The Murder Capital's release week trip around the UK's record stores in support of their third album Blindness continued on Monday night with an hour-long set in the venue space at Rough Trade's new store in Liverpool. Performing the whole of Blindness plus three old favourites, the five-piece brought Blindness to vivid life.
As a band that made their reputation on the back of incendiary live shows around the release of their debut album When I Have Fears, it's essential to catch The Murder Capital live to experience the music in its true context. Seeing the whites of James McGovern's eyes and the intensity of the band (Gabriel on bass, Damon and Cathal on guitars and Diarmuid behind the sticks) delivering these songs paints pictures as bright and bold as the sleeve of their third album.
Kicking off with the album's opener Moonshot they set their stall out from the start, guitars on the edge of distortion and fast furious vocals delivered by McGovern with a raw edge and passion that you simply can't capture in the more sterile environment of a recording studio. With space at a premium on the stage, there's little movement from the other four, a stand-out characteristic of their live show as they lose themselves in the moment, but here it just adds to the intensity of the event. The Fall starts a mosh-pit encouraged by McGovern's command to "get fucking rowdy." Don't Cling To Life takes us on a brief look backwards, and despite some wanting to hear more old material, the audience is generally fully attentive to the new material that was released to the world just a few days earlier.
The singles off Blindness - Can't Pretend To Know, A Distant Life and Words Lost Meaning - have a harder steelier edge to them live, whilst the album's more restrained moments - Swallow, Trailing A Wing and Death Of A Giant - bristle with fire that comes right from the heart whilst Born Into The Fight steals the show with its brooding menace that bursts into furious life in the chorus as the reflective sound of the verses burst into a cacophony of guitars.
McGovern deals politely but assuredly with a couple of repetitive hecklers, one trying to hold conversations with him between songs and another who seems to scream the same word repeatedly.
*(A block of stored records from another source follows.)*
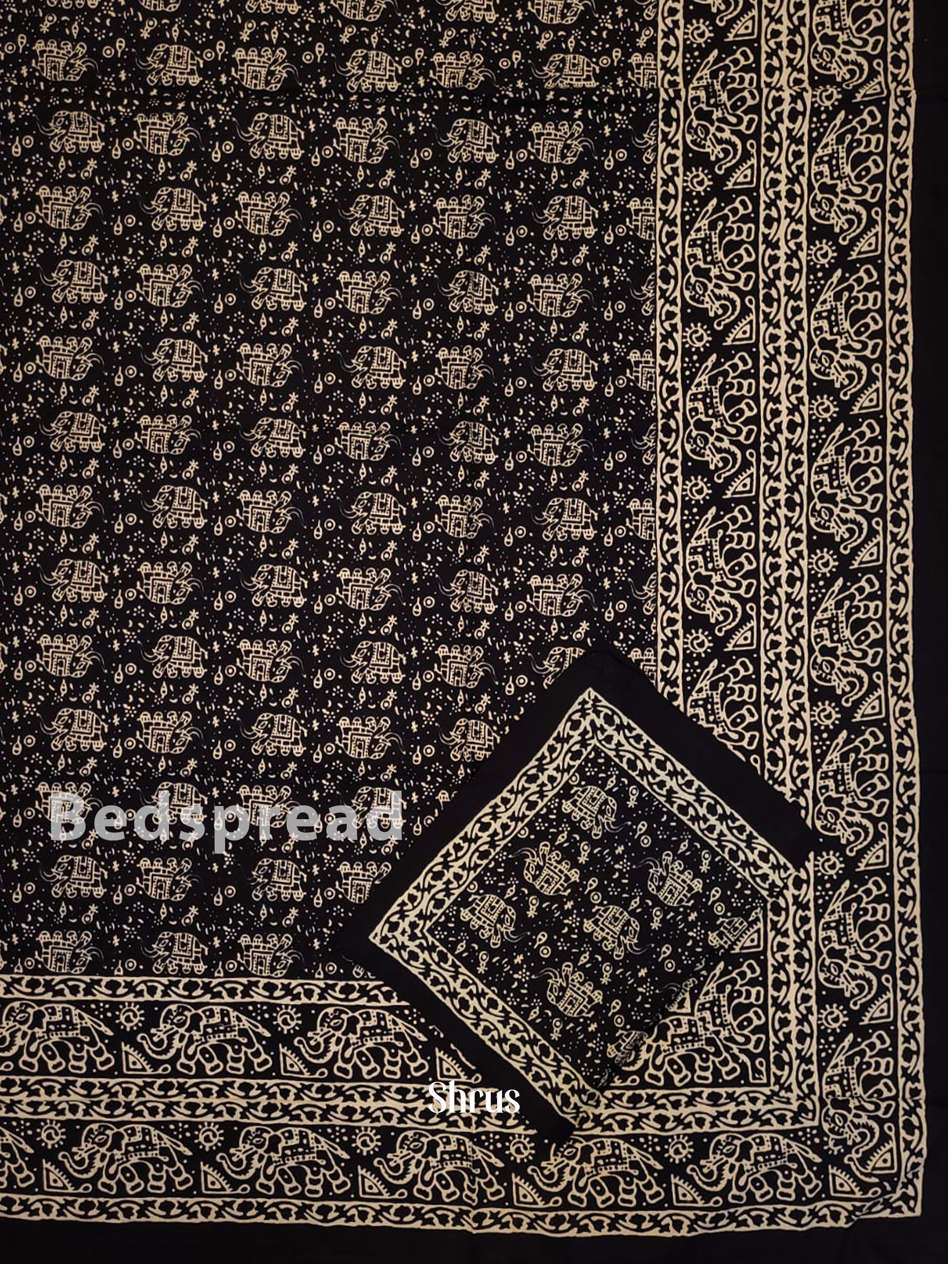 Experience unparalleled comfort and sophistication with our Black & Cream Jaipuri Printed Bedspread. This set includes two matching pillow covers and is made from premium cotton, ensuring both style and coziness. Featuring intricate floral patterns and vivid colors, it is the perfect addition for a tranquil and restful sleep.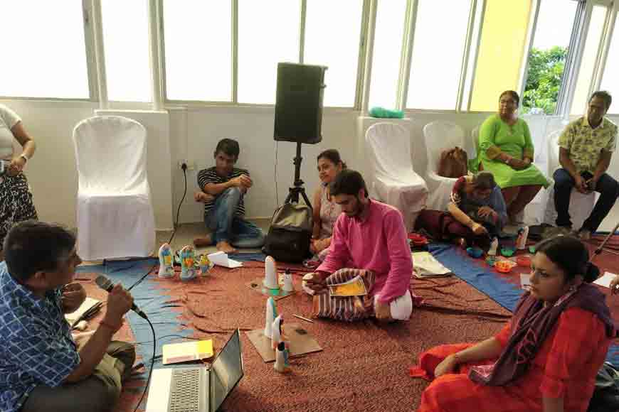 Some journeys are unique. Just like the journey of Chalchitra Academy. To understand exactly how and why the lesser-known patuās of Bishnupur and Medinipur flourished even before Paul Gauguin could etch his magic with his first impressions on the plains of Tahiti, one needs to know how Chalchitra Academy unfurled its existence. Art needs to be honest travelling along a rustic tapestry, that speak of the toils of ordinary man. From 1995 to 2015 this journey stood upon an intimate understanding of the utter simplicity of hues, textures and forms. Away from the cogs of urban alienation, the voyage of artist Mrinal Mandal and designer Jayati Bannerjee took them from Government College of Art & Craft into the world of pata, dokra and a tapestry of dolls and masks. A voyage into the roots of the lokaja, before they could even dream of organising workshops to impregnate our urban nightmare with dreams of the poignant macrocosm.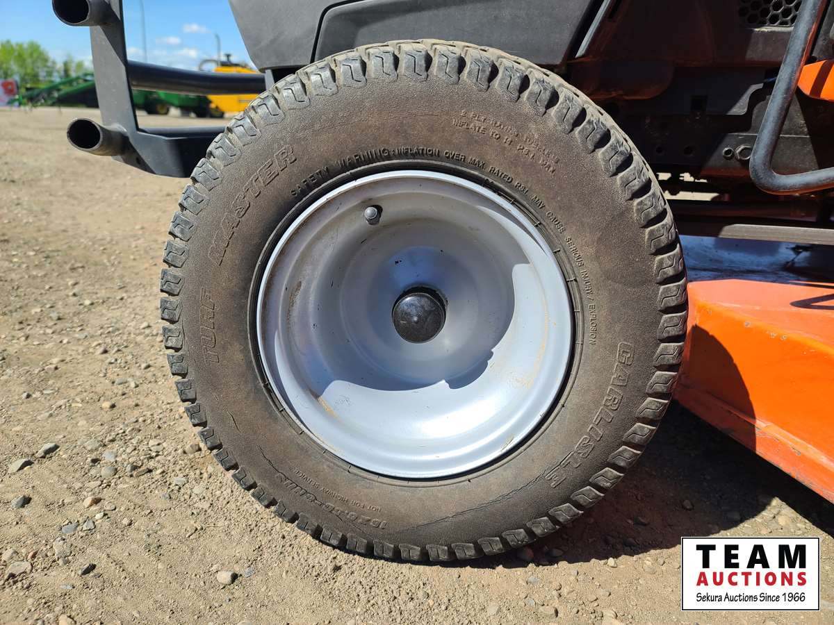 Kawasaki 24 HP engine, hydrostatic transmission, 16 x 6.50-8 front tires, 23 x 10.50-12 rear tires

His natural charm dissolves any potential issues as well as his playful challenge to them to sing the first lines of the next song. He tells the story behind Trailing A Wing and praises Gabe for his appearance before turning it round and telling a story of Gabe's bout of self-inflicted food poisoning he gave himself during the recording sessions for the album.
Conscious of the challenging nature of playing an album in full that's only been in the shops three days they add in an impromptu Feeling Fades which sets the crowd off. However, tonight is about Blindness and the final duo of Death Of A Giant and the aching heartfelt Love Of Country are the perfect way to close the evening, the latter's questioning of patriotism crossing lines into xenophobia seeing The Murder Capital moving from the inward looking personal nature of their early work into more widescreen worldly concerns as they seek to reclaim the momentum that was cruelly snatched from them by the lockdown as When I Have Fears had them primed to take over the world.
The Murder Capital played Moonshot, The Fall, Don't Cling To Life, Can't Pretend To Know, A Distant Life, Born Into The Fight, Swallow, Trailing A Wing, Ethel, Words Lost Meaning, That Feeling, Feeling Fades, Death Of A Giant and Love Of Country.